DeSci Berlin: Decentralized AI Infrastructure for Scientific Research in Autonomous Communities

Shady El Damaty, Ph.D.
OpSci
Published in
5 min readMay 19, 2022
Image by Simon Lee

💫 OpSci and Algovera have brought together key innovators in AI and distributed web technology to present a web-native vision for scientific research communities that prize collaboration, transparency, and interoperability. You can catch the session on May 24th between 10:00a and 11:30a CET as part of the DeSci.Berlin event.

Session Abstract

Access to the tools and resources required for studying human society, the natural world, and our collective impact on it, have been traditionally limited to those with privileged access. Currently, a fresh wave of data is being onboarded to a new open source infrastructure, opening up vast new opportunities for secondary use-cases. Digital communities all around the world can now access massive volumes of data and collaborate in real time, increasing the collective throughput of scientific research and development of real-world applications. Raw data has latent value that requires processing to extract insights and enable useful predictions, e.g. using machine learning and AI. However, this is a complex process involving many steps and moving parts. Decentralization offers potential benefits, but development of the underlying infrastructure is early-stage and fragmented. Key bottlenecks include access to compute and storage resources, tools for transparency and governance, and limitations of current intellectual property.
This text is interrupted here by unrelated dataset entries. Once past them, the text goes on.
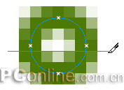我們再來繪制它的嘴吧。先畫一個5*5大小的圓,取消其填充色,選用2像素的柔化描邊,描邊色為# 4b7801。然后用“路徑切割”工具將該圓一分為二,如圖27。
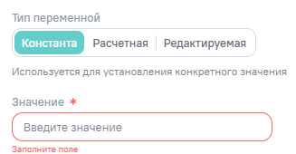 - Константа - неизменяемое значение, заданное в поле Значение. Обязательно для заполнения;
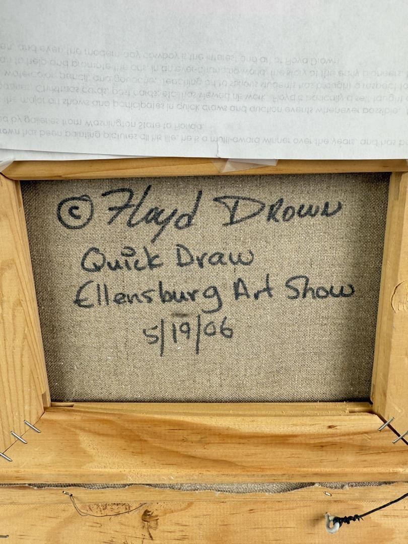 Tick is Quick Draw Ellensburg Art Show. 8" by 10". 15" by 17" framed. Oil on Canvas. Floyd Drown (20th/21st Century) is active/lives in Oregon. Floyd Drown is known for Painting.
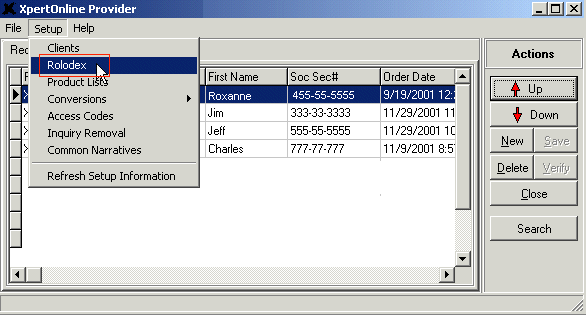 The rolodex is another term for all of the stored information for Subscribers (credit grantors, landlords, employers, and collectors) available to be reported on a trade line. Rolodex information is individual per Provider in the XOP utility program—since most of you using the XOP software migrated over from XpertOnline.net you probably have a rolodex setup and available to you.
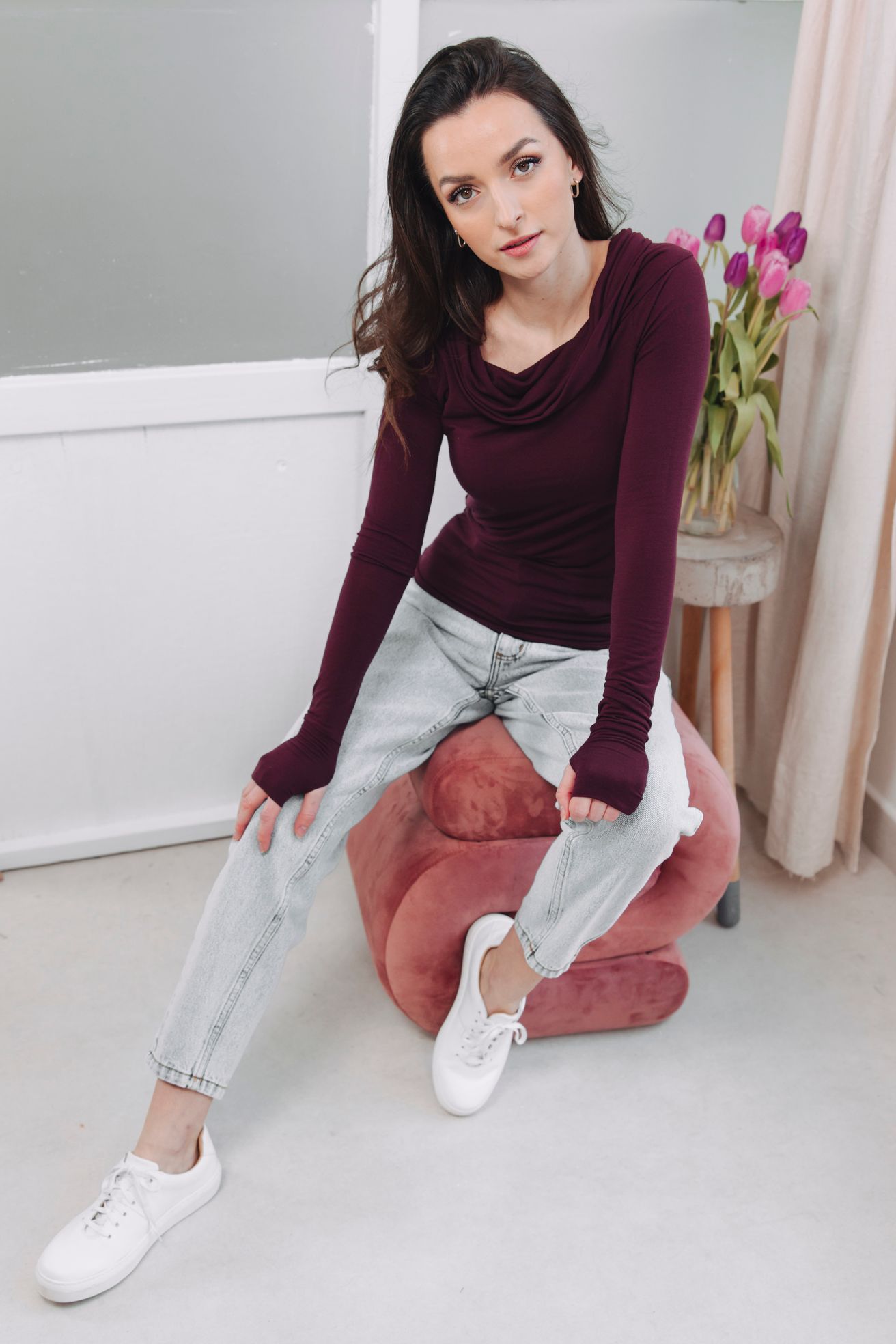 - Barva: Vínová, která působí luxusně, je trendy a skvěle se kombinuje.

In this session, we explore current developments in decentralized AI infrastructure, such as decentralized web storage, accessible compute markets, decentralized autonomous research communities, and knowledge artifacts as synthetic non-fungible assets — with a particular focus on open science communities.

Composable DeSci Flows Via Token-Wrapped Data & Algorithms

Trent McConaghy, Ocean Protocol

Talk Abstract: Science is about making models to predict unseen events, in a reproducible way. It’s data all the way down. Data can be raw measurements, cleaned data, features, scientific models, or predictions. Data can be algorithms to build the models. Data can be dynamically changing.

This talk describes how to use Ocean for composable, reproducible data flows by tokenizing data & algorithms: ERC721 data NFTs to wrap the base data/algorithms, and ERC20 datatokens as access control tokens. Compute-to-Data flows preserve privacy and control. Data & algorithms can use Web3 storage or compute.

Data NFTs and datatokens are the atomic building blocks. They naturally interoperate with Web3 wallets, DAOs, DEXes, and other Web3 tools. From this, we can construct many DeSci flows, from AI-training provenance to scientific model commons to algorithm marketplaces.

Trent McConaghy co-founded Ocean Protocol. He has worked on AI since 1997 (circuit synthesis, statistical verification), and blockchain since 2013 (incl. Token Engineering, agent-based simulation, and Ocean). He holds a PhD in EE. He’s written two textbooks and 40+ peer-reviewed papers and patents.

The Decentralized AI Stack

Richard Blythman, Algovera

Talk Abstract: The AI stack has many components that need to come together for building useful applications, including storage, compute, marketplaces, access control, funding and organizational structure. We will outline some of the work that Algovera has been doing to decentralize and integrate various layers of the stack, as well as some of the applications being developed in our ecosystem of independent AI teams.

Richard is a machine learning engineer with a research background. He co-founded Algovera to tackle issues he experienced in big tech, universities and startups around applications, funding, and the time taken to develop AI apps.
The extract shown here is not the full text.